Activity:
Only an exact copy is wanted: the lines from the one holding "من ملاحظات وبعض" through the last line below, minus the pictures.

Items from a data source:
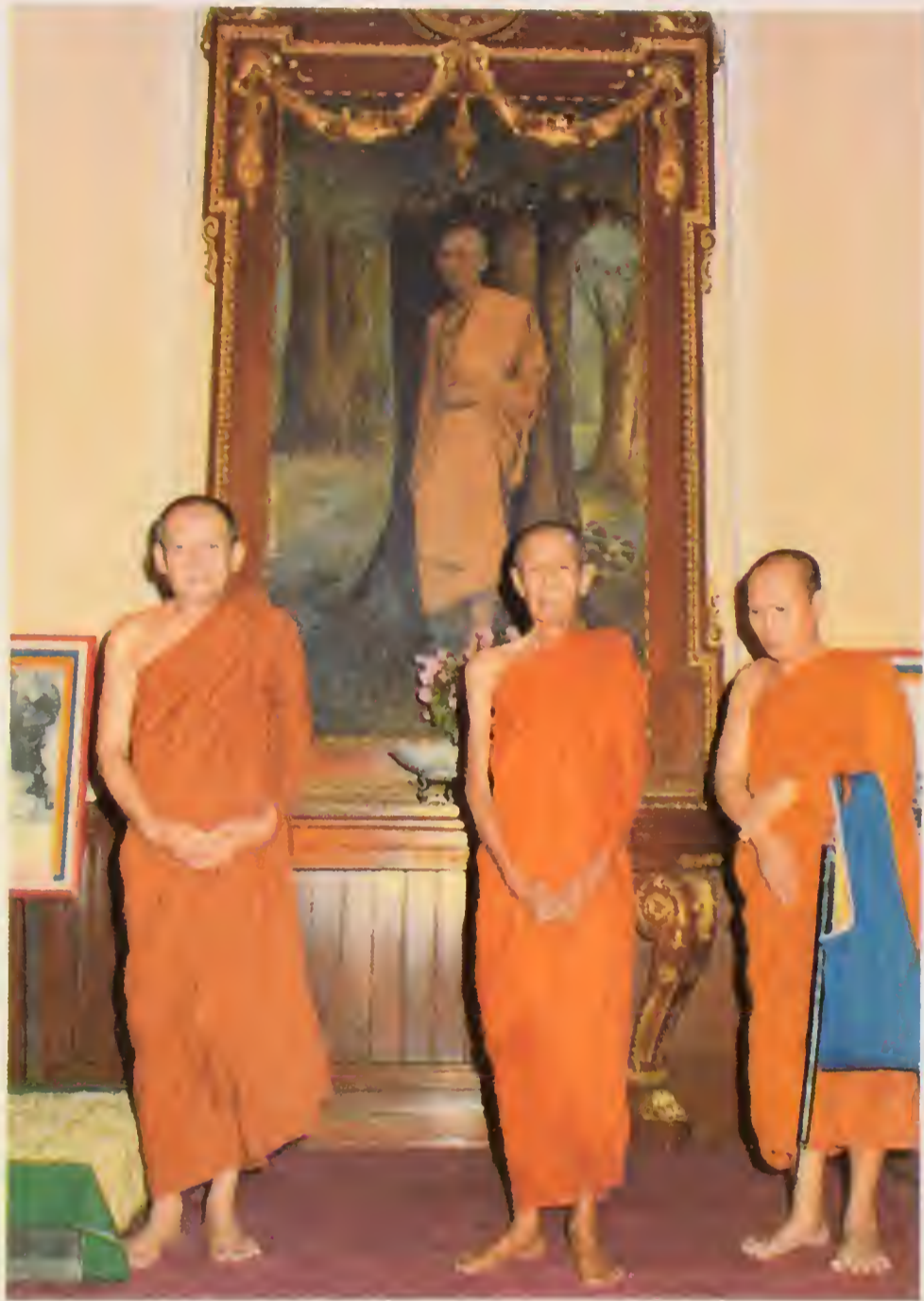
ฉายกับสมเด็จพระญาณสังวร ที่ตำหนักเพชร วัดบวรนิเวศวิหาร
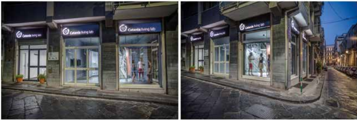
Fig. 2 - Catania Living Lab: vista dall'esterno (Autore Danilo Pavone).
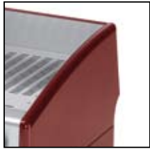
Rosso metallizzato Metallic red Rojo metalizado Rouge métallisé Rot metallisiert 金属红
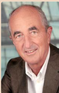
Univ.-Prof. Dr. Gerwin Arnetz

Aufgrund des demografischen Wandels in Österreich rückt die Behandlung älterer Menschen immer mehr in den Mittelpunkt. Diesem Thema wird sich auch während des Österreichischen Zahnärztekongresses gewidmet. Erstmals wird am 4. und 5. Oktober der Jahreskongress des European College of Gerodontology in Graz veranstaltet. Der Präsident des ECG, Univ.-Prof. Dr. Gerwin Arnetz, freut sich über die Kooperation: „Es ist uns eine besondere Ehre, gleichzeitig den internationalen Jahreskongress des European College of Gerodontology (ECG) in Graz abhalten zu können.“
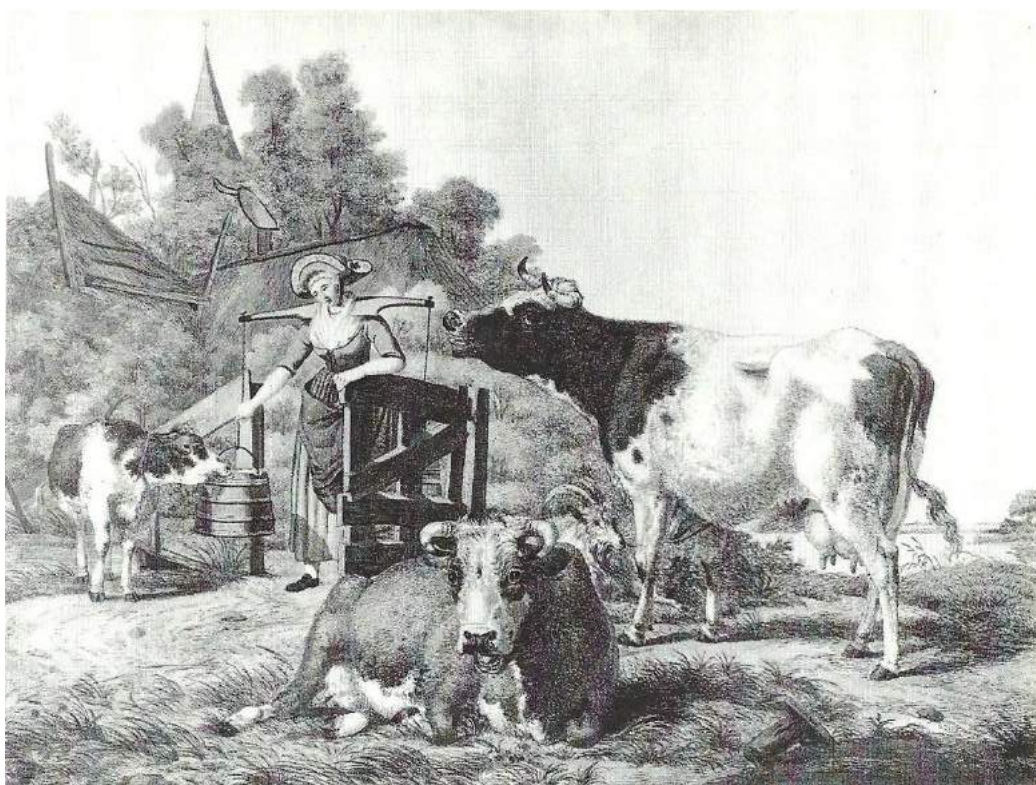
Hollandse melkkoeien; uit: Natuurlijk Historie van Holland van Van Berkhey.

Met dank aan: Geertje Dekkers NRC 12.02.2021.
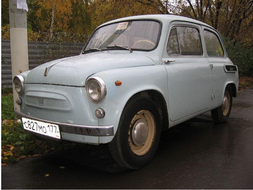
ЗАЗ 965 А, випущений в 1961 р. на Запорізькому автомобільному заводі
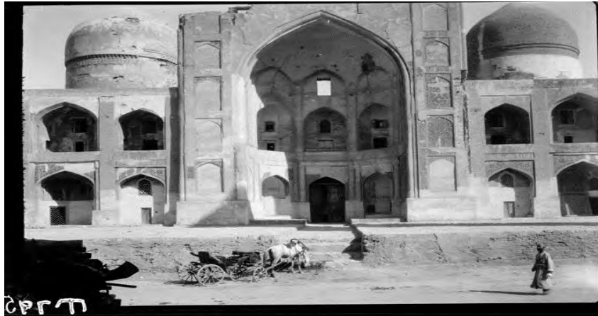
تصویر ۱. مدرسه میرعرب بخارا در سال ۱۳۴۲ق/ ۱۹۲۴م.
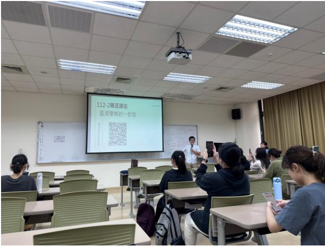
給學弟妹的一封信
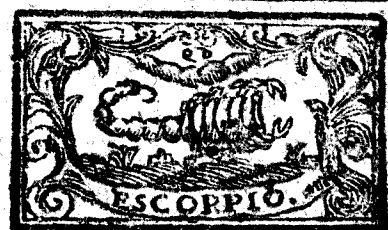
Octubre tiene 31 dias, la Luna 30.
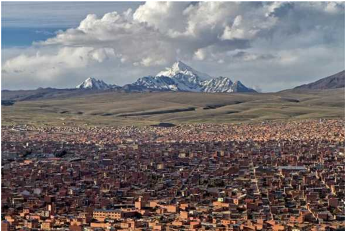
El Alto, vista de la Cordillera
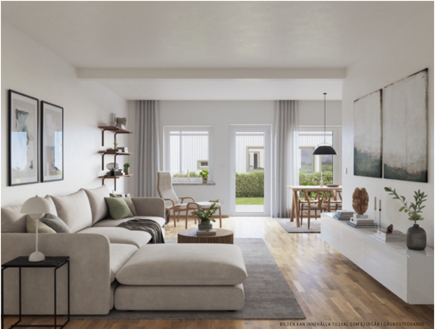
BILDEN KAN INNEHÅLLA TILLVAL SOM EJ INGÅR I GRUNDUTFÖRANDE.
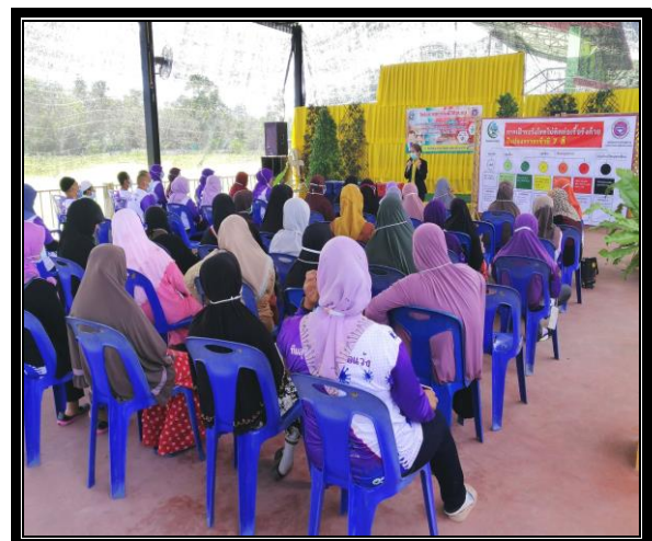
กิจกรรมการบรรยายให้ความรู้สถานการณ์โรคความดันโลหิตสูง และโรคเบาหวาน หรือโรคไม่ติดต่อเรื้อรัง (NCDs)
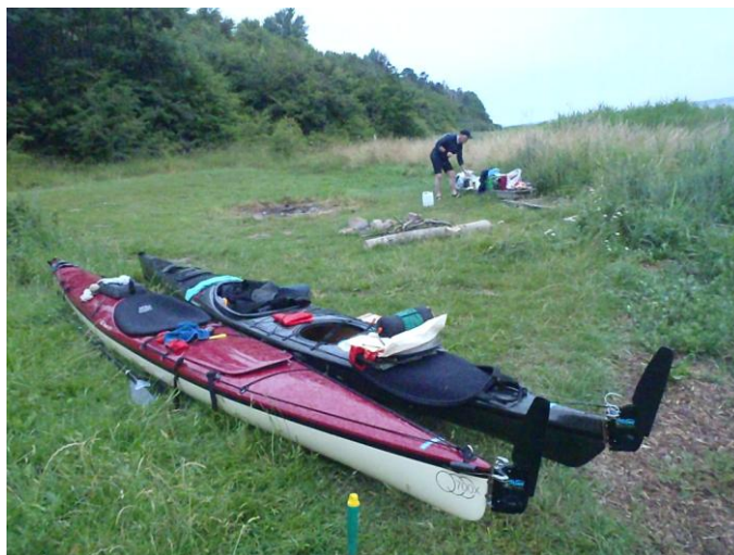
kl. 05.32 - næsten klar til afgang allerede?

Igen vækning kl. 04.30 og først afgang ca. kl. 06.15 - men her skulle vi jo også pakke telt sammen.
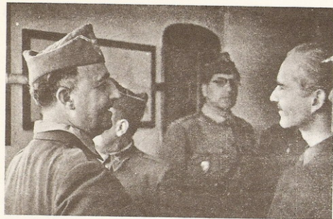
Don Ramón Serrano Suñer con Franco a bordo del "Júpiter", en la primavera de 1938.
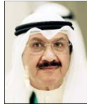
الشيخ سالم العبدالعزیز

● محمود فاروق يبدو أن ما تردد في السوق عن عدم انسجام بين وزير المالية الشيخ سالم العبدالعزیز ورئيس الهيئة العامة للاستثمار بدر السعد بدأ يأخذ طريقه، حيث لم يعد الأخير التدخل المباشر في عمل الهيئة، فقد علمت «الأنباء» من مصادر مطلعة أن وزارة المالية طلبت من الهيئة العامة للاستثمار إعداد وتقديم تقارير شاملة عن استثماراتها المحلية والخارجية متضمنة أداء محافظها الاستثمارية خلال العامين الماضيين فضلا عن التوزيع الجغرافي لأسهم الشركات والبنوك التي تساهم فيها الهيئة سواء في سوق الكويت للأوراق المالية أو في الأسواق العالمية. وأفادت المصادر بأن التقرير الشامل الذي تطلبه «المالية»، يأتي في إطار توجهات بإعادة النظر في السياسة المعمول بها داخل الهيئة العامة للاستثمار سواء داخلها أو الكية التعامل مع الاستثمارات الخارجية التي مضى عليها أكثر من 10 أعوام ماضية بغرض تطويرها استحداثها بما يتوافق مع المعايير العالمية التي تتبعها الصناديق السيادية الموجودة في المنطقة. ويبدو أن وزير المالية يستند إلى تقرير ديوان المحاسبة بخصوص استثمارات الهيئة وما ظهر فيه من ملاحظات وبعض
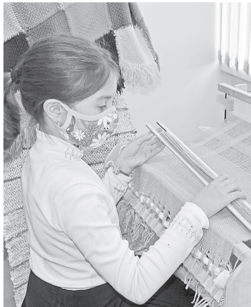
Знакомство с ремеслом
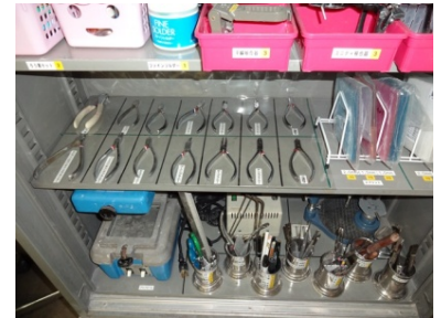
赤マル急上昇が納得の整理整頓が行き届いた棚（小児歯科外来）。
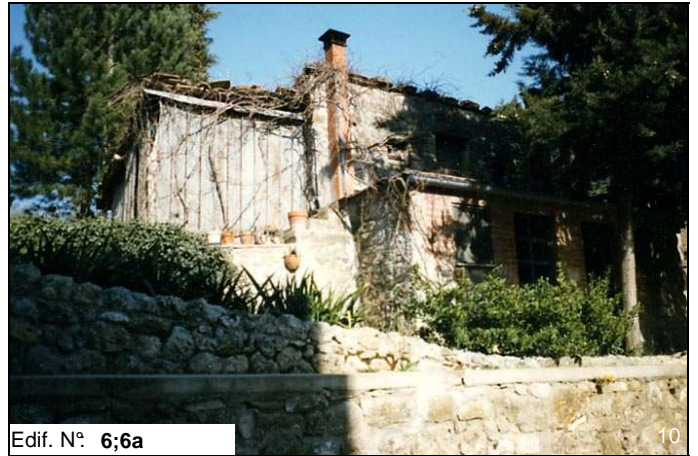
Edif. N° 6;6a

Result for this task:
● محمود فاروق يبدو أن ما تردد في السوق عن عدم انسجام بين وزير المالية الشيخ سالم العبدالعزیز ورئيس الهيئة العامة للاستثمار بدر السعد بدأ يأخذ طريقه، حيث لم يعد الأخير التدخل المباشر في عمل الهيئة، فقد علمت «الأنباء» من مصادر مطلعة أن وزارة المالية طلبت من الهيئة العامة للاستثمار إعداد وتقديم تقارير شاملة عن استثماراتها المحلية والخارجية متضمنة أداء محافظها الاستثمارية خلال العامين الماضيين فضلا عن التوزيع الجغرافي لأسهم الشركات والبنوك التي تساهم فيها الهيئة سواء في سوق الكويت للأوراق المالية أو في الأسواق العالمية. وأفادت المصادر بأن التقرير الشامل الذي تطلبه «المالية»، يأتي في إطار توجهات بإعادة النظر في السياسة المعمول بها داخل الهيئة العامة للاستثمار سواء داخلها أو الكية التعامل مع الاستثمارات الخارجية التي مضى عليها أكثر من 10 أعوام ماضية بغرض تطويرها استحداثها بما يتوافق مع المعايير العالمية التي تتبعها الصناديق السيادية الموجودة في المنطقة. ويبدو أن وزير المالية يستند إلى تقرير ديوان المحاسبة بخصوص استثمارات الهيئة وما ظهر فيه من ملاحظات وبعض
Знакомство с ремеслом
赤マル急上昇が納得の整理整頓が行き届いた棚（小児歯科外来）。
Edif. N° 6;6a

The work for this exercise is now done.